Scott Adams just presented a proposition that I find brilliant. He claims factual accuracy is a way to connect a truth proposition to validity (in other words, its alignment with reality), but direction, not accuracy, is the best way to present the truth in terms of persuasion.

This is critical in storytelling. I will elaborate later, but right now, this is light-bulb-going-off-in-brain important.

Let's hear from Scott. He discussed this after he talks about the MAD thing (which is interesting in itself--he says if the Deep State ever managed to take out President Trump for real, during the months of processing, Trump, or any Republican who followed him, would guarantee that Hillary Clinton would go to jail).

But that's not nearly as interesting from a philosophical point of view as what follows.

When you think about this idea of direction being vastly more important than factual accuracy for persuading about the truth, you get at the crux of Ayn Rand's entire aesthetics.

Her purpose of writing was to present the ideal human being. This character then be a model for readers to aim at with their own lives. Seeing the model in reality, even if only a projection, would give them what she called "emotional fuel" or "spiritual fuel" to keep going.

Were the heroes she created factually accurate?

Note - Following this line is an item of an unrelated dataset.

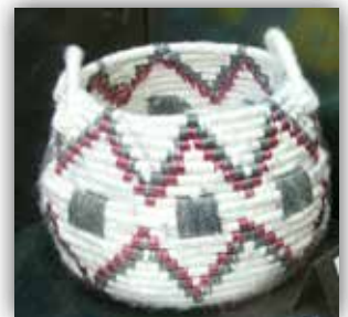
Excellence in Textiles Alassia GianCursio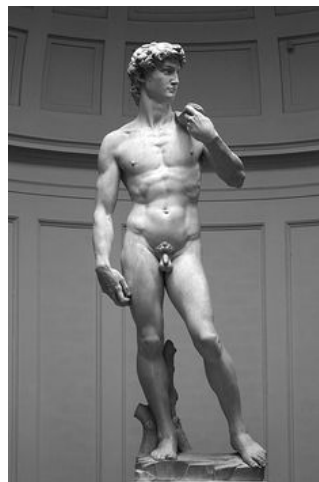
Michelangelo's David @ Academy of Fine Arts

No. They were romantic projections. Were they in the right direction? Yes.

Ayn Rand's fiction still sells today and the only reason her nonfiction is on the shelves is because they promise to explain the ideas in her fiction (and by consequence, her philosophy) to the vast public of book buyers.

Had Rand presented factually accurate heroes, she and her influence would have faded down the memory hole. In fact, Rand ranted and railed for a good part of her life against presenting factually accurate characters in fiction as priority and she called the school of literature based on that "Naturalism."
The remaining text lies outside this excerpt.